19-year-old hits best-seller list
Susan Carpenter

A privileged life isn’t always the same as a charmed life, but Isabel Kaplan is one of those rare people who lead both. Godchild of Carol Channing, daughter of well-connected University of Southern California professors Susan Estrich and Martin Kaplan, Kaplan is a Los Angeles native who, at 19, has already founded two non-profit organisations, interned at Glamour magazine and with US Rep. Edward Markey, D-Mass., and now attends Harvard University.

Isabel Kaplan
Isabel Kaplan

Then there’s her first novel, the young adult book Hancock Park, which became a Los Angeles Times best-seller two weeks after its June 30 publication date.

Hancock Park tells the story of a 16-year-old student at a private school—territory that’s well mined in literature of all stripes, from middle readers like "Harry Potter" to adult titles such as Curtis Sittenfeld’s Prep and Anita Shreve’s Testimony. Only, in Hancock Park, the private school is in Los Angeles and for girls only, which puts a different spin on the narrator’s story as she struggles with her parents’ divorce, her own self-image and, of course, boys.

Being a novel, Hancock Park and its characters are fictional, but there are more than a few parallels with Kaplan’s real life.
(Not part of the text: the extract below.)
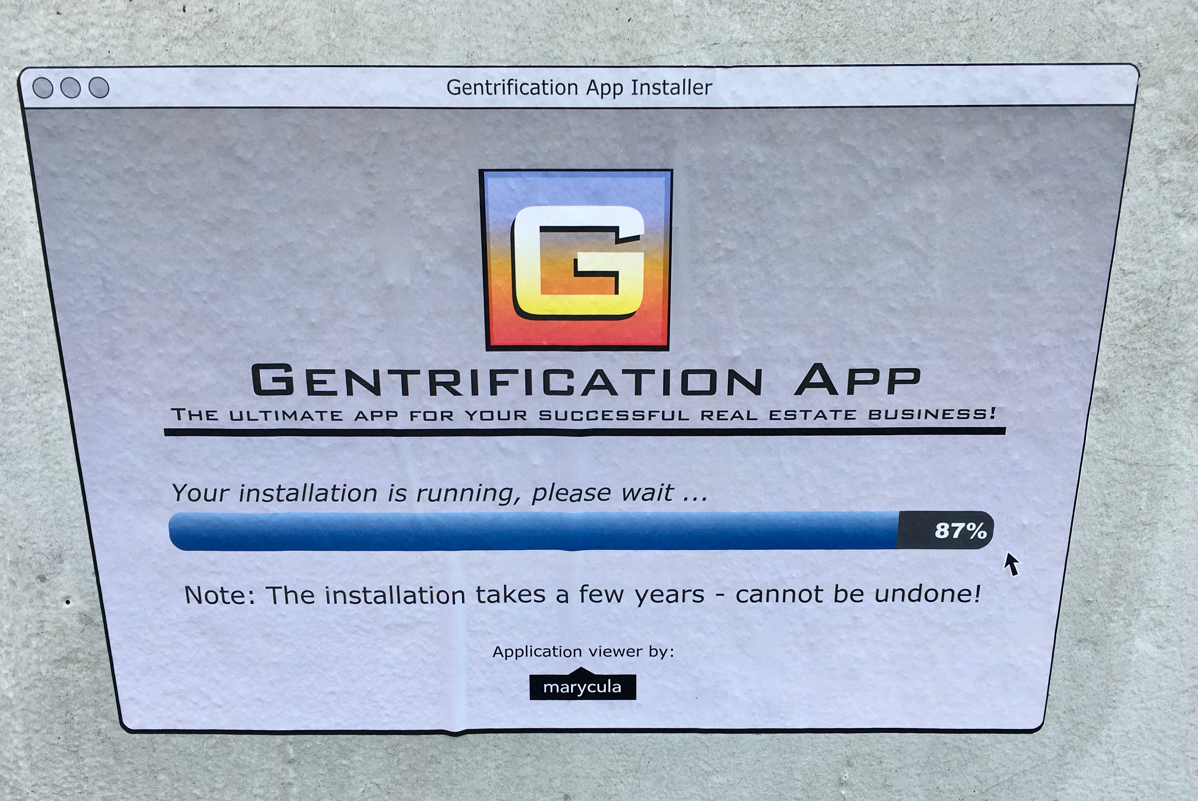 As noted before, T and I have thankfully landed a flat in Berlin, which in the current real estate climate is somewhat of a miracle and for which we are very very grateful. (This of course means that we are contributing to the increasing prices and decreasing affordable housing for the rest of the population, but there you go.) One cynical graffiti artist put it this way:

The author grew up in the Hancock Park section of Los Angeles, also has divorced parents and attended the prestigious Marlborough School—an "independent, urban day school for young women grades 7-12" that delivers "a college preparatory curriculum in an environment imbued with high ethical values," according to its website.
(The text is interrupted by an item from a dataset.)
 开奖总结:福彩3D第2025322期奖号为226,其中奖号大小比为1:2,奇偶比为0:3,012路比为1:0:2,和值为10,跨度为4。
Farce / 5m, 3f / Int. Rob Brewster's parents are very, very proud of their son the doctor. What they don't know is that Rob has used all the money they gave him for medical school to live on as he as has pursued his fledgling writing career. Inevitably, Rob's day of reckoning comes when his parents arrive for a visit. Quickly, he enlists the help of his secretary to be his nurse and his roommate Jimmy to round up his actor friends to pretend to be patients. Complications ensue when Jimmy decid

In the book, the school isn’t called Marlborough; it’s Whitbred. And the main character is Becky Miller, a people-pleasing bottle blond who’s been prescribed more medications than an average geriatric to deal with the ills of the well-to-do—namely anxiety and depression.

"I think most teenagers, no matter where they grow up or live, probably have a feeling of, ‘Do I fit in here?’ What I tried to present in the novel is that feeling of making sense of the abnormal, and having the abnormal treated as normal," Kaplan said during a recent visit home. In town to spend a week visiting friends and family, she was also having Hollywood meetings about bringing Hancock Park to the screen.
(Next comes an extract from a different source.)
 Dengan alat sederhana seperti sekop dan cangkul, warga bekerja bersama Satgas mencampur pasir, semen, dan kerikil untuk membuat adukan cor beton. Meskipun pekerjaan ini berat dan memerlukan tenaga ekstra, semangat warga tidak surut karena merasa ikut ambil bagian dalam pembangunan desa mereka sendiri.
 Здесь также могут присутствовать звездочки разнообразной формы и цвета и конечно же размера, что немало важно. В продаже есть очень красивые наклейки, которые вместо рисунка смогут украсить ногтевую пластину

Written during her senior year of high school, Hancock Park isn’t Kaplan’s first literary attempt. She wrote her first short story at 7 and her first full-length novel when she was 12—a book she tried to sell to Judith Regan, the one-time publishing industry powerhouse with whom Kaplan’s mother is friends.

Although Regan passed on Kaplan’s first book, she was instrumental in selling Hancock Park—a departure for the woman best known for publishing celebrity autobiographies.

"She read it and said, ‘This is great. Why don’t we have coffee this week?’ By the end of the week, I had a book deal and I’d only written 15 pages," said Kaplan, who has spent the past school year honing her writing skills with author and visiting Harvard professor Jamaica Kincaid, who has since moved on to teach at Claremont McKenna College in Southern California.

"The most important thing I’ve learned is just to keep writing and to read a lot," said Kaplan, who is heeding Kincaid’s advice.

Kaplan is at work on a second novel.